The task
Word for word, copy out the data below, omitting pictures.

Data block
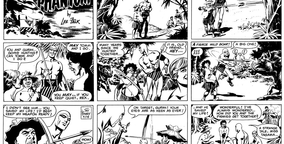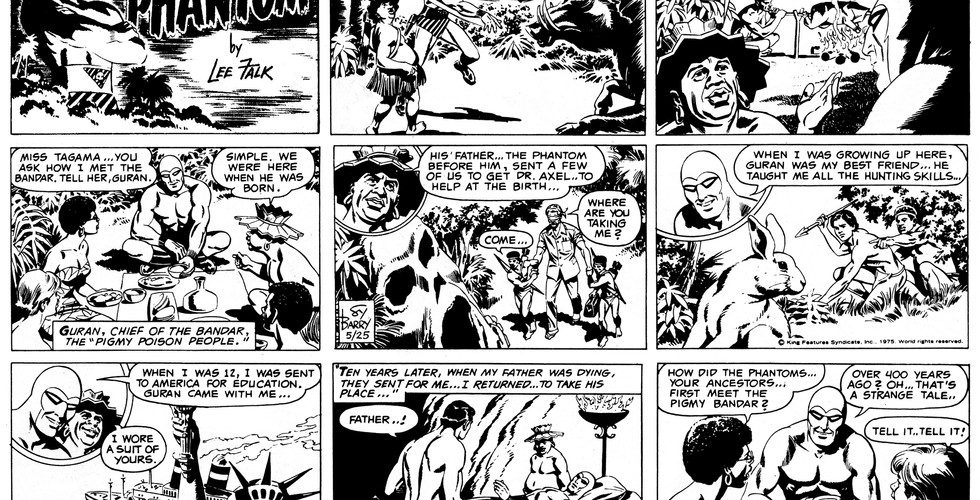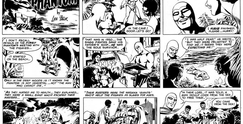 "The First Phantom" is the 96th Phantom Sunday story, first published in newspapers in 1975. The story was written by Lee Falk and drawn by Sy Barry and features Lee Falk fleshing out the origin of the relationship between the Bandar tribe and the Phantom family. This story includes the Bandar tribe originally being enslaved and waiting for a man to be washed upon the shore to rescue them. In reading what Tony DePaul wrote in his blog, this is what it seems he may be looking to rewrite or even remove a possible 'whitewashing' element in a 50-year-old story from established Phantom origin lore.
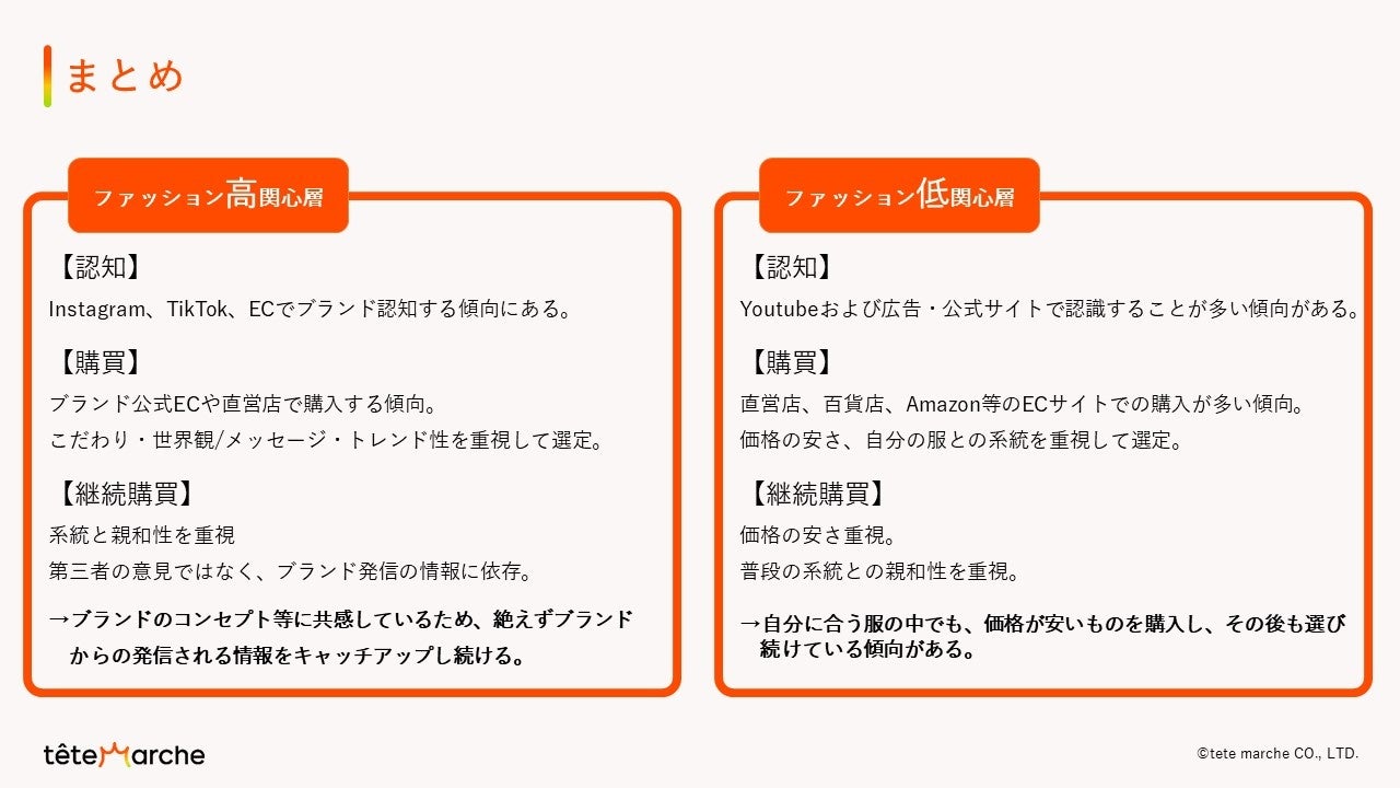 これらを踏まえ川又は「Z世代に選ばれるファッションブランドになるためには、SNSを中心に、共感される情報を積極的に発信し高関心層にアプローチしていくことが重要」だと調査結果をまとめました。
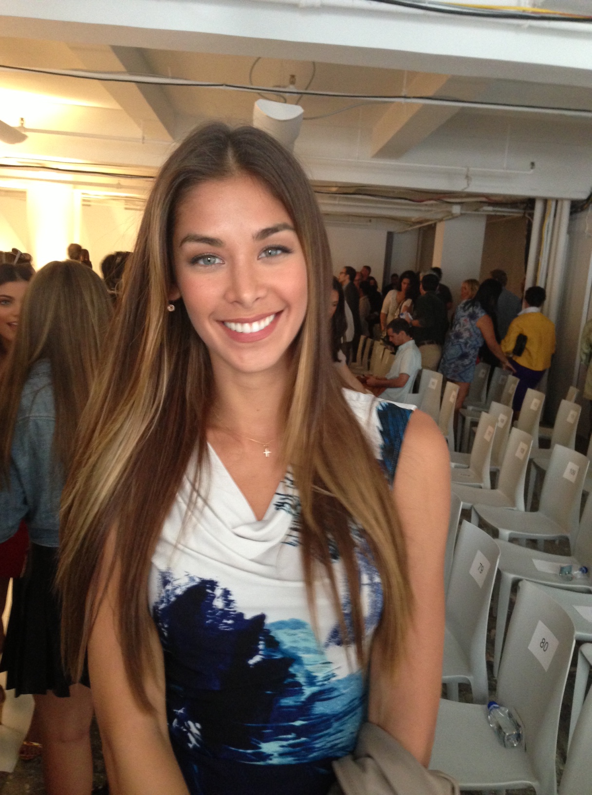 The first show was the Venezuelan designer Angel Sanchez, who gained international notoriety after designing the wedding dresses for Sandra Bullock and Eva Longoria. His Spring Collection for 2014 was clean, elegant and beautiful. In the crowd I saw the gorgeous Chiquinquira Delgado and Miss Universe 2008 Dayana Mendoza. Below you can see pictures of both women. Yes, Venezuelan women are truly beautiful.

Answer section
 "The First Phantom" is the 96th Phantom Sunday story, first published in newspapers in 1975. The story was written by Lee Falk and drawn by Sy Barry and features Lee Falk fleshing out the origin of the relationship between the Bandar tribe and the Phantom family. This story includes the Bandar tribe originally being enslaved and waiting for a man to be washed upon the shore to rescue them. In reading what Tony DePaul wrote in his blog, this is what it seems he may be looking to rewrite or even remove a possible 'whitewashing' element in a 50-year-old story from established Phantom origin lore.
 これらを踏まえ川又は「Z世代に選ばれるファッションブランドになるためには、SNSを中心に、共感される情報を積極的に発信し高関心層にアプローチしていくことが重要」だと調査結果をまとめました。
 The first show was the Venezuelan designer Angel Sanchez, who gained international notoriety after designing the wedding dresses for Sandra Bullock and Eva Longoria. His Spring Collection for 2014 was clean, elegant and beautiful. In the crowd I saw the gorgeous Chiquinquira Delgado and Miss Universe 2008 Dayana Mendoza. Below you can see pictures of both women. Yes, Venezuelan women are truly beautiful.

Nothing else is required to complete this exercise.